# Opracowanie formatu pliku:
plik jest podzielony na trzy części:
1. Informacja o drzewie kompresji
2. Ilość nadmiarowych bitów
3. zakodowane dane

## Drzewo kompresji
Drewo jest przechowywane jako ciąg znaków zakodowanych w UTF-8. Znaki te są zapisem liści oraz operacji sklejania drzew (operacjie oznaczam znakiem "__$__") w odwrotnej notacji polskiej. Korzystam z własności że każde drzewo jest sklejone z dwóch (wynika to z tego jak budujemy drzewo).<br>
Informacja na temat drzewa kompresji kończy się znakiem "__#__"<br>
Jeśli w drzewie pojawi się jakiś znak specjalny ["$", "#", "\"] to będzie on porzedzony znakiem ucieczki "__\\__"

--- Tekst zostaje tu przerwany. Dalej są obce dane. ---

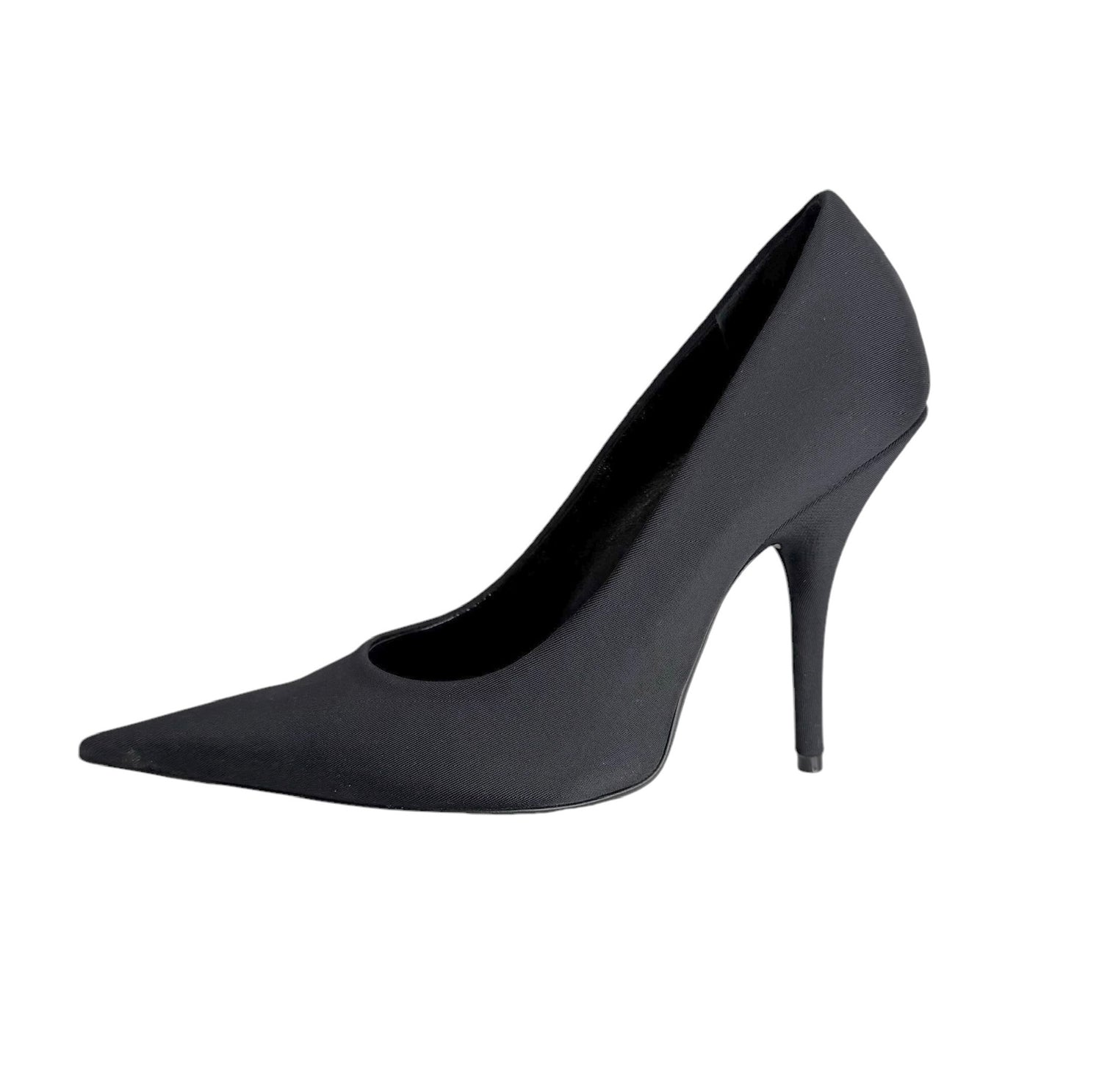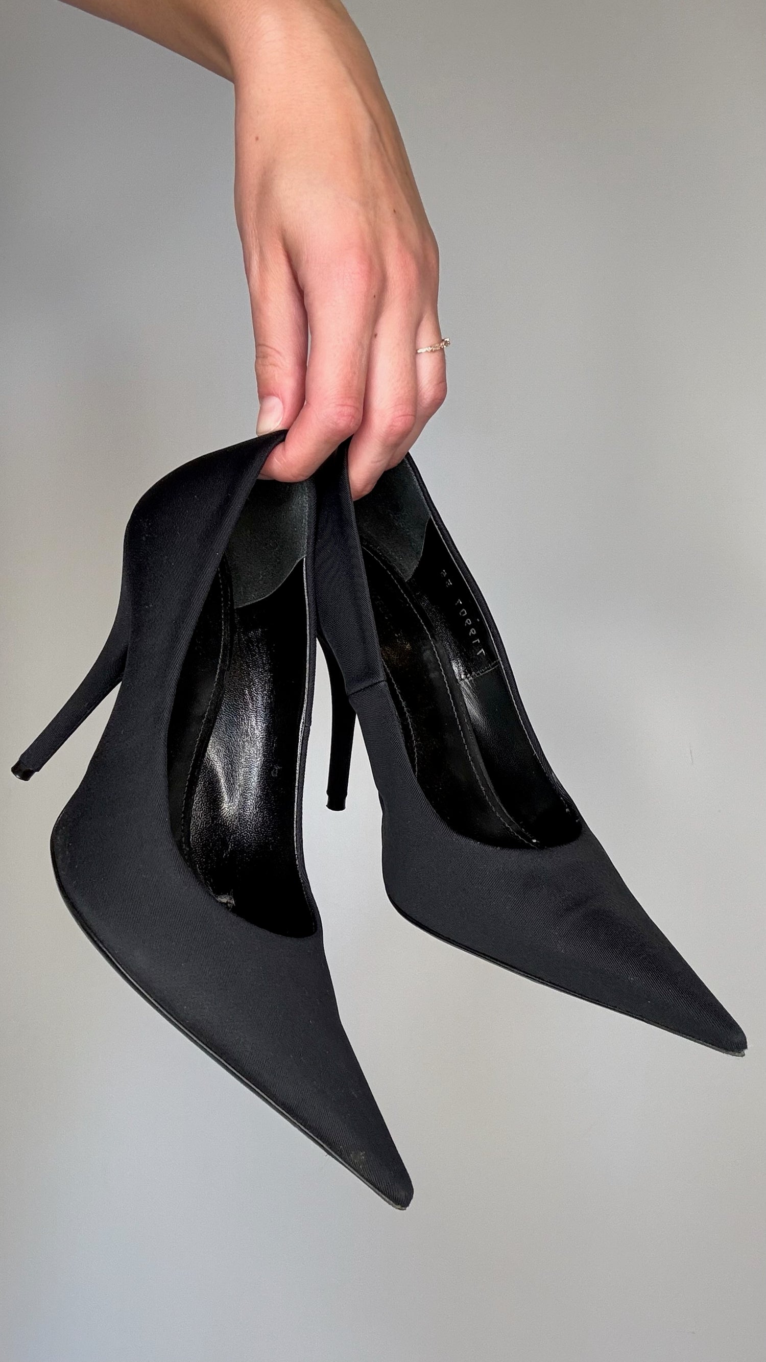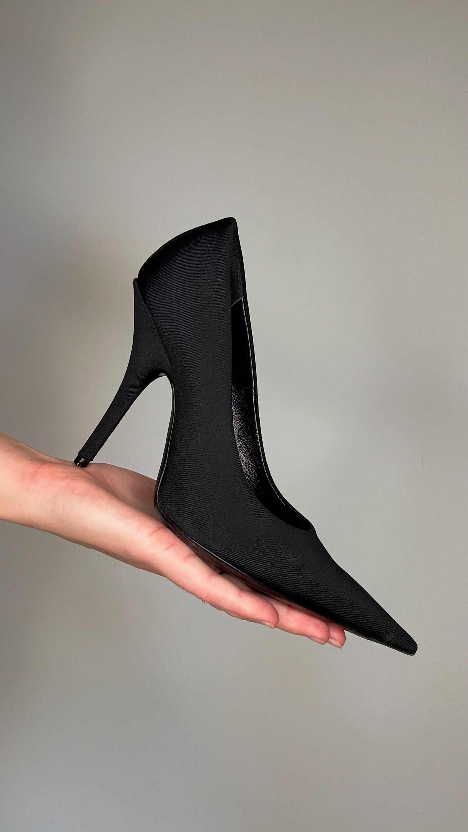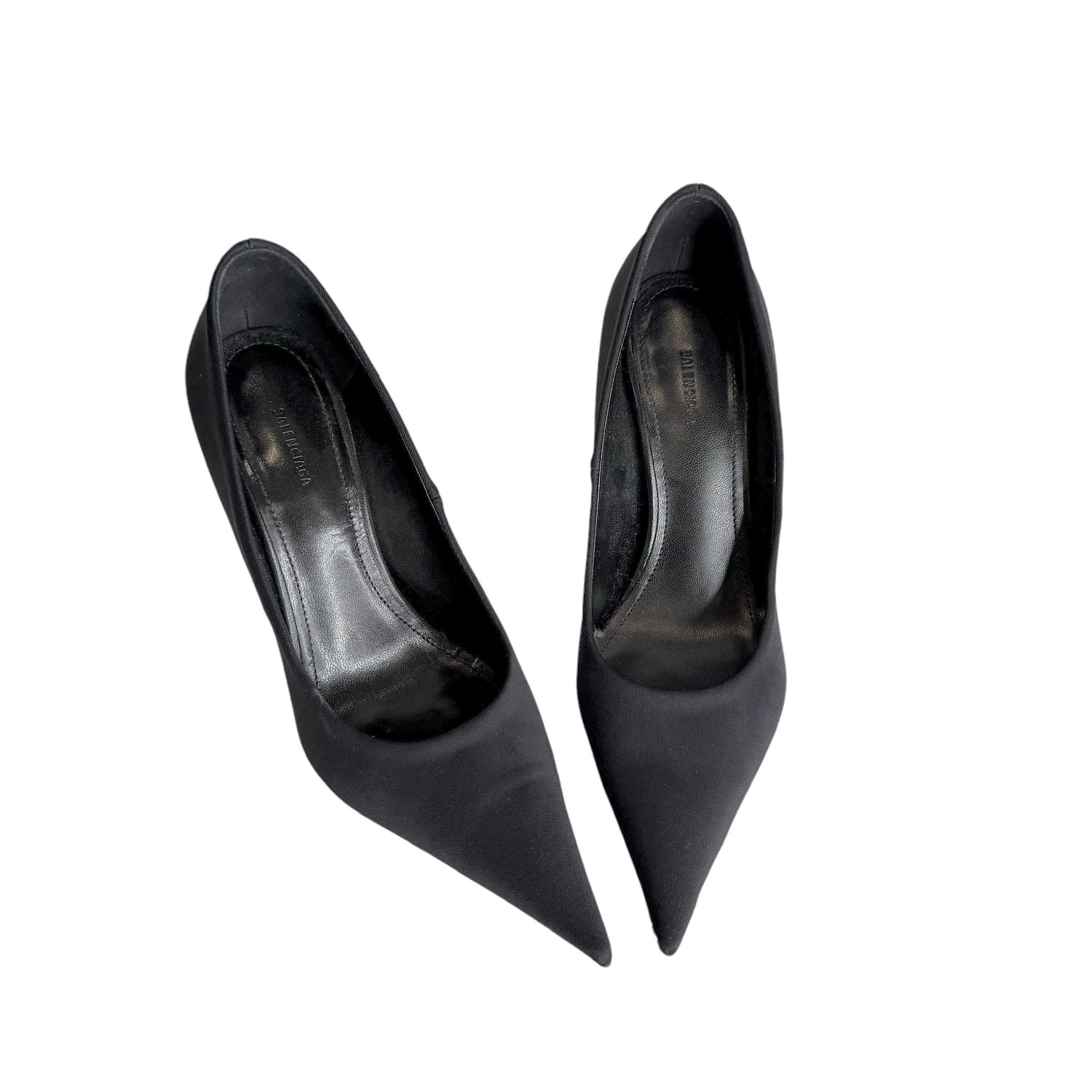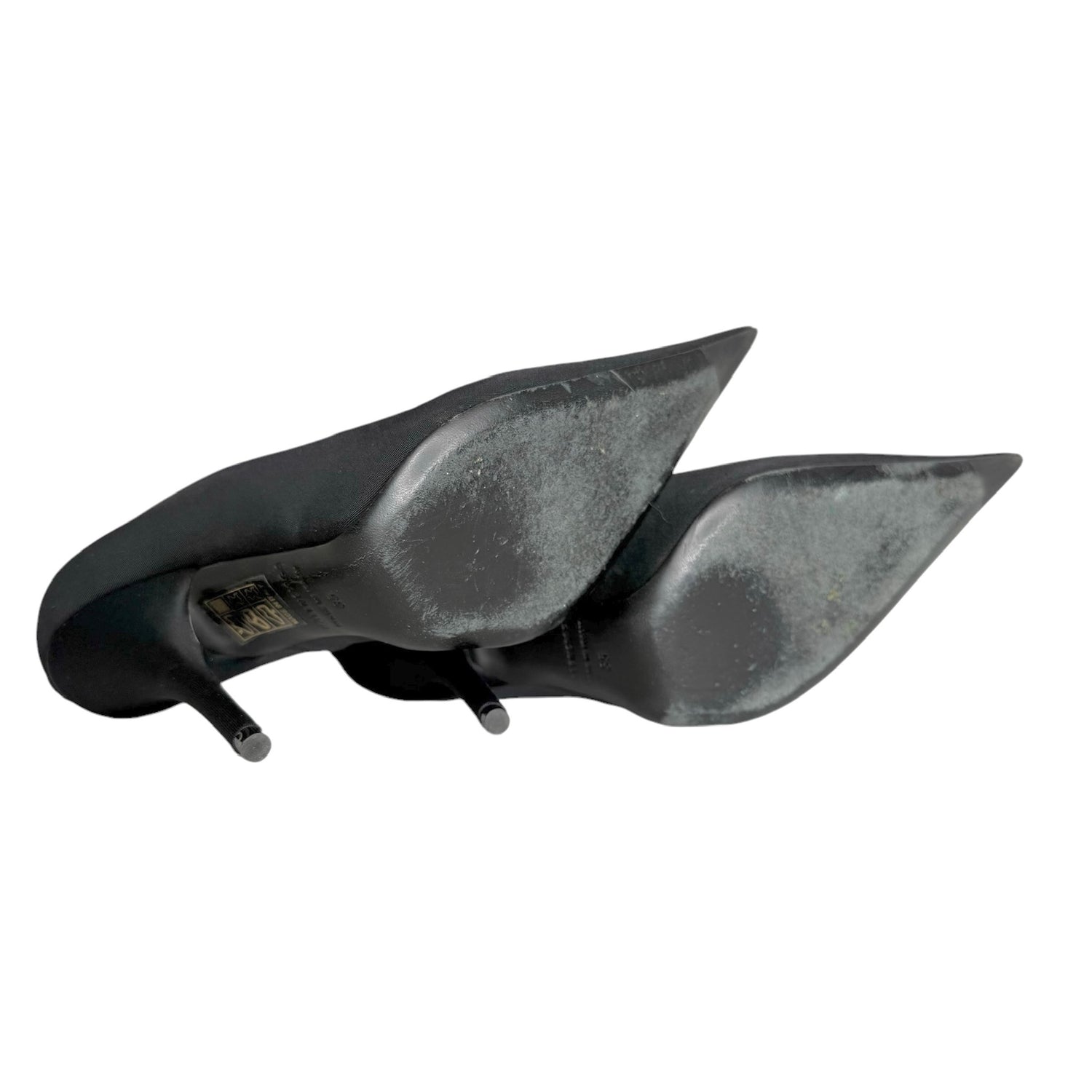Balenciaga black satin heels. Exaggerated pointed toe. Designer size 35

## Ilość nadmiarowych bitów
z racji że plik wypełniany jest bitami tak aby sumaryczna ilość bitów była podzielna przez 8 to występuje problem za durzej ilości danych. w tym celu 4 kolejne bity po informacji o drzewie informują ile będzie bitów dopisanych do końca pliku. takich bitów będzię maksymalnie 7 dlategoteż wykorzystuje tylko 4 bity danych do przechowania tej informacji.

## Zakodowane dane
Właściwe dane zakodowane algorytmem Huffmana na których to końcu są dopisane nadmiarowe bity


# Implementacja statycznego algorytmu Huffmana

In [1]:
from queue import PriorityQueue
import bitstring
from collections import deque

class CodingTreeNode:
    def __init__(self,val=None, left=None, right=None):
        # representation atribute is string that represents object using RPN
        # for example string ab$ represents:
        #               .
        # ab$   -->    / \
        #             a   b
        self.left = left
        self.right = right

        if val == "\\":
            val = "\\\\"
        elif val == "$":
            # $ is marker for compere tree operation
            val = "\\$"
        elif val == "#":
            # # is marker for end of tree in compresed file
            val = "\\#"
        self.val = val
        self.parent = None
        if val is None:
            self.representation = left.representation + right.representation + "$"
        else:
            self.representation = val
    
    def __str__(self) -> str:
        return self.representation
    
    def __getitems(self, headCode):
        if self.left is None:
            val = self.val
            if val == "\\\\":
                val = "\\"
            elif val == "\\$":
                # $ is marker for compere tree operation
                val = "$"
            elif val == "\\#":
                # # is marker for end of tree in compresed file
                val = "#"
            return [(val, headCode)]
        else:
            return self.left.__getitems(headCode + "0") + self.right.__getitems(headCode + "1")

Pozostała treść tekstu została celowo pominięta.